For parents outside the nuclear family model, knowing where to go with disputes about children has not always been a straight forward matter. Traditionally the jurisdiction was scattered. Changes in society and rapid advances in technology have meant the family law courts in common law countries such as Canada, the UK, the USA and Australia have had to assume jurisdiction over children in increasingly complex parenting relationships.
Rapid scientific advances have enabled couples in non-traditional relationships to become birth parents. These include same sex couples who have children through donors or by surrogacy.
Cultural change has also seen men who have children from casual relationships no longer content to leave parenting to the mother and want a relationship with the child.
Increasingly, long-term de-facto relationships are a choice for many couples and the law has kept pace providing children born to unwed parents are legitimate.
All of these categories of relationship have, in recent times, been brought under the jurisdiction of family law courts.
There are a Variety of Parents Who Approach the Family Courts
As a result the family courts are being approached by a variety of parties including parents who have never lived together and have no intention of doing so. This often happens when same sex or infertile couples use a sperm donor or surrogate to have a child, or where a child is born to a casual relationship.
The rights of the donor, surrogate or casual partner to have a relationship with the child may be denied by the parent or parents with custody leading to disputes. However, those rights are increasingly being enforced by the family courts in line with the principle that the child has the right to have a substantial and significant relationship with its parents.
The Overriding Principle in Family Law – the Best Interests or Welfare of the Child
Where there are conflicting views about the upbringing of a child or one or more parents wish to exclude another from having a role in a child’s life, the family courts apply the “best interests principle” which makes everything, including the parties’ wishes, subject to what is in the best interests of the child.
Alternative Dispute Resolution
With more parties with different views involved in disputes the family courts are well aware of the potential for protracted and costly litigation.
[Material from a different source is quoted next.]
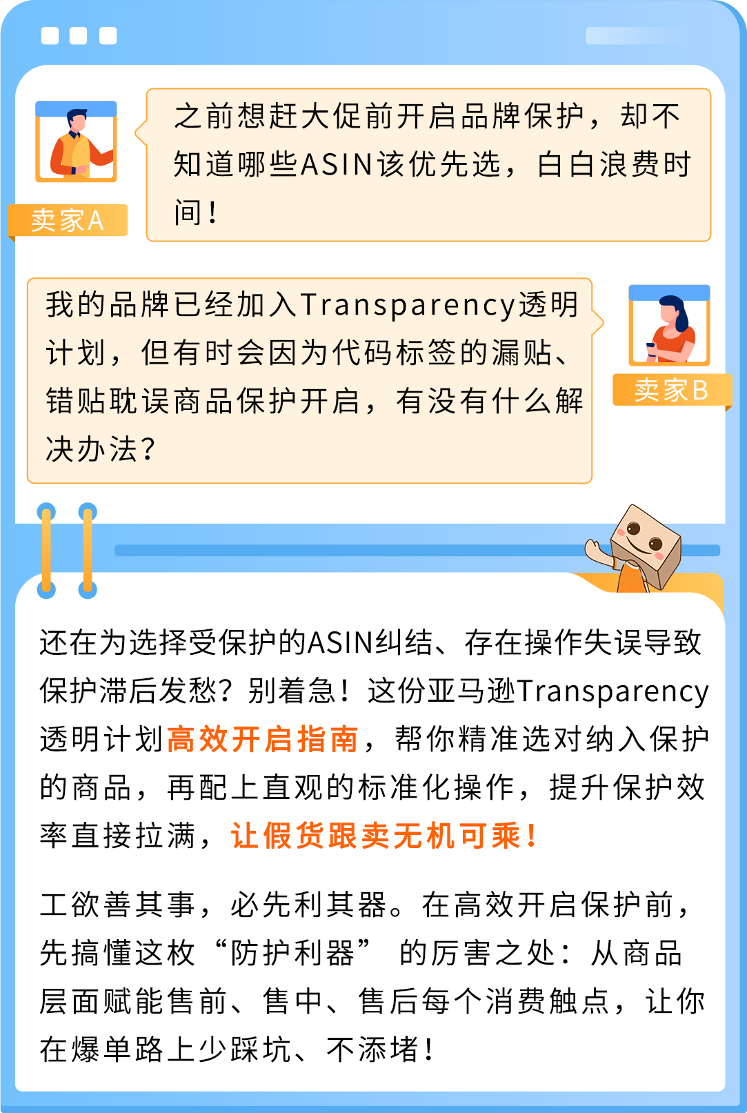 (2)保护效果: 商品详情页获得正品标识“小蓝标”,帮助新品快速建立信任,提升转化。亚马逊研究显示,加入 Transparency 透明计划保护的品牌平均实现5-10%的销量增长*!

For that reason the courts have put in place alternative dispute resolution facilities as the first step in avoiding trial before a judge.
Every avenue of ADR, including counseling and mediation, will be explored by the court to assist the parties to come to a decision themselves. If the parties can’t or won’t agree only then will a Judge decide what is in the best interests of the child. Mediation and out of court settlements allow parties to decide what parenting arrangements work for them and their children.
The Family Courts’ Powers
The courts typically have power to decide and make orders about most issues to do with children including where a child lives, who a child spends time with and when, where the child goes to school or what religion, if any, the child will follow, determination of parentage by DNA testing, the rights of relatives to see and spend time with the child and care of disabled and intellectually impaired children.
The questions posed by the non-traditional family model are complex but family courts and their processes are attempting to keep pace whilst continuing to perform their function as the final arbiter of what is in the best interests of children.
Where Do You Find Out if You Can Approach the Court?
Most family courts have basic information on their websites about who can come to the court for assistance and Court Registries will answer questions.